The task:
Output every entry below exactly, without its pictures.

Data shown:
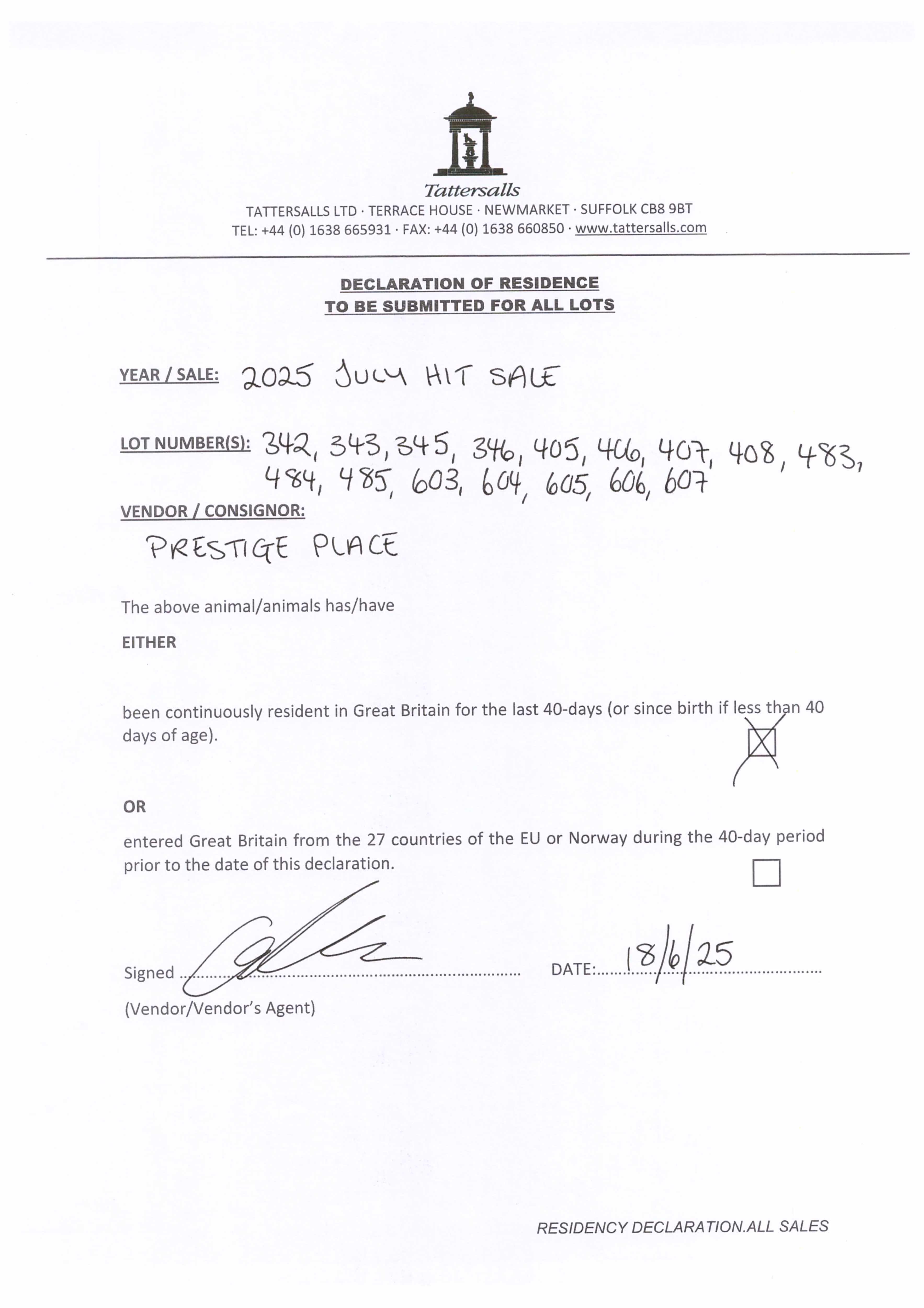 Consignor: Prestige Place (M. Botti)
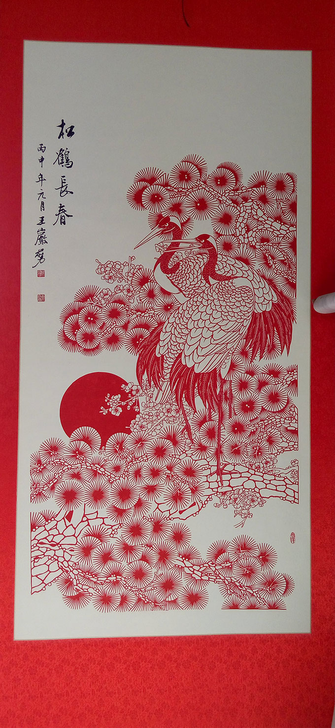 通榆县剪纸,最具代表性的当数王岩的剪纸作品。1989年,12岁的王岩凭其剪纸作品《加油》,在“春芽杯”首届国际少年儿童剪纸大赛中荣获佳作奖;剪纸《百鸟图》参加我省首届小学生艺术节美术作品展荣获二等奖、在东三省美术展中入选并被收藏。她的剪纸《一百单八将》、《八仙过海》、《金陵十二钗》等在省级以上展览中均获一等奖。1993年,王岩被省文化厅授予“民间剪纸艺术家”称号。为继承和发扬通榆的民间剪纸工艺,让传统民间文化再现光彩,2002年2月10日,通榆县民间剪纸协会正式成立。目前,通榆县的民间剪纸艺术家已经发展到50多人,用他们手中的剪刀绘制着胸中的锦绣河山。
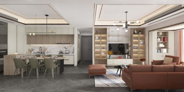 半开放式电视柜遵循中国传统美学讲究的对称排布,呈“回”字型对称,展现秩序之美。客餐厅一体化,空间更显大气通透。
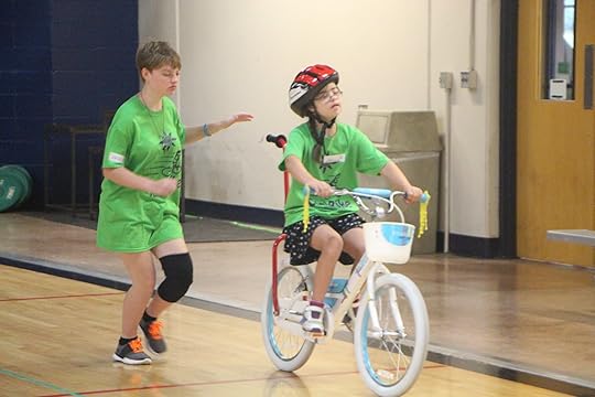 ¾ of the way through Day 3 of iCanBike camp, the gym at the YMCA was starting to get less crowded as the more successful campers started heading outside with their volunteers to transition to independent riding. The speakers were playing “give ‘em hell” music like “Eye of the Tiger” and “How You Like Me Now?”, and at the far end, the head volunteer was trying to coax Miss Julianna, in her Frozen t-shirt and polka-dotted skort, off her roller bike and onto two wheels for the first time this week. She was not enthusiastic about the prospect.
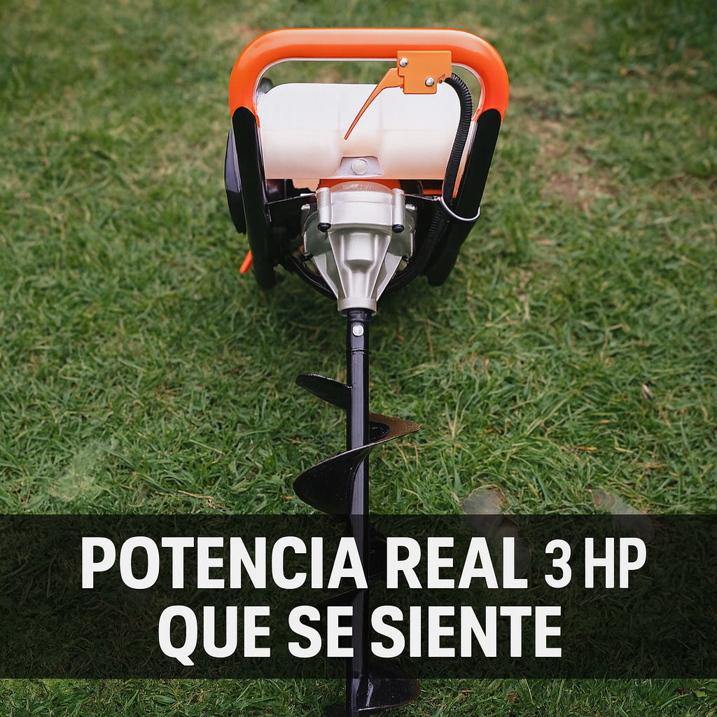 Potencia real 3 HP para perforar suelos compactos con menos esfuerzo.

Final answer:
 Consignor: Prestige Place (M. Botti)
 通榆县剪纸,最具代表性的当数王岩的剪纸作品。1989年,12岁的王岩凭其剪纸作品《加油》,在“春芽杯”首届国际少年儿童剪纸大赛中荣获佳作奖;剪纸《百鸟图》参加我省首届小学生艺术节美术作品展荣获二等奖、在东三省美术展中入选并被收藏。她的剪纸《一百单八将》、《八仙过海》、《金陵十二钗》等在省级以上展览中均获一等奖。1993年,王岩被省文化厅授予“民间剪纸艺术家”称号。为继承和发扬通榆的民间剪纸工艺,让传统民间文化再现光彩,2002年2月10日,通榆县民间剪纸协会正式成立。目前,通榆县的民间剪纸艺术家已经发展到50多人,用他们手中的剪刀绘制着胸中的锦绣河山。
 半开放式电视柜遵循中国传统美学讲究的对称排布,呈“回”字型对称,展现秩序之美。客餐厅一体化,空间更显大气通透。
 ¾ of the way through Day 3 of iCanBike camp, the gym at the YMCA was starting to get less crowded as the more successful campers started heading outside with their volunteers to transition to independent riding. The speakers were playing “give ‘em hell” music like “Eye of the Tiger” and “How You Like Me Now?”, and at the far end, the head volunteer was trying to coax Miss Julianna, in her Frozen t-shirt and polka-dotted skort, off her roller bike and onto two wheels for the first time this week. She was not enthusiastic about the prospect.
 Potencia real 3 HP para perforar suelos compactos con menos esfuerzo.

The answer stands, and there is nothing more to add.